No one noticed Nusli, however, for when the dog walked round the bier, sniffed in silence and left, Alamai suddenly stood with her arms raised and wailed: ‘O dog! Make some little sound at least! O Parvar Daegar! No barking? Now it is certain! O my Dinshaw, now you have really left me!’
Women in her vicinity hastened to calm her. Gustad and Mr. Madon were only too glad to move aside, visibly relieved at not having to comfort Alamai. Gustad shook his head at the pathetic exhibition, more pitiful for its being based on her mistaken notions about the char-chassam dog. Poor Alamai, with her modernistic ideas and her orthodox confusions.

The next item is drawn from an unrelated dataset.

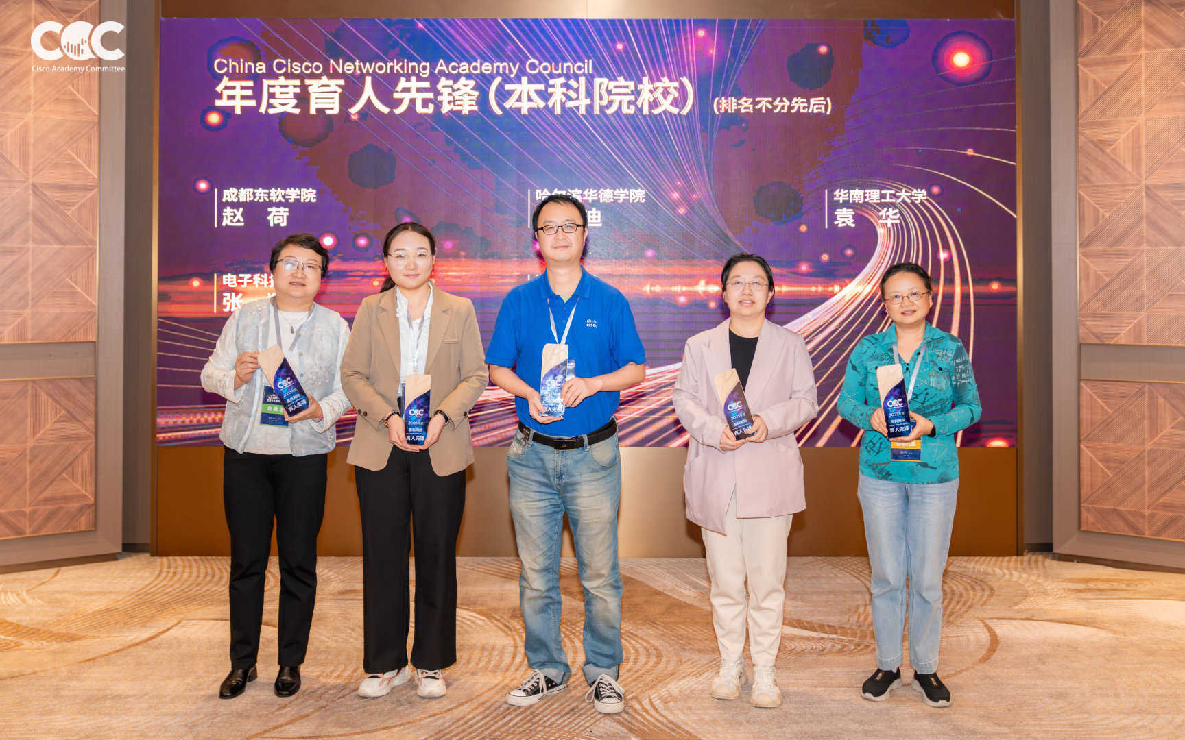在个人奖项方面,哈尔滨华德学院的教育工作者同样表现突出。计算机科学与技术系吴迪老师荣获“2025年度思科网院・育人先锋”称号,体现了其在教学一线以专业学识与教育热忱,引领学子探索技术前沿的师者风范。数据科学与信息工程学院姜楠楠副院长凭借在学科布局深化、校企协同创新等方面的显著贡献,荣获“2025年度思科网院・卓越贡献奖”。值得一提的是,姜楠楠副院长亦受邀担任晚宴主持人,与成都东软学院宁多彪副教授共同执麦以沉稳的专业姿态与优雅的现场表现,赢得满场赞誉。

The women held her from rushing to the bier, hanging on to her arms, trying to wrestle her down into a chair. Of course, if tall, lean Alamai had really wanted to, she could have easily tossed aside the four or five gasping women. But she suddenly gave up and flopped back. The women hugged her, patted her cheeks, adjusted her sari and said variously comforting things.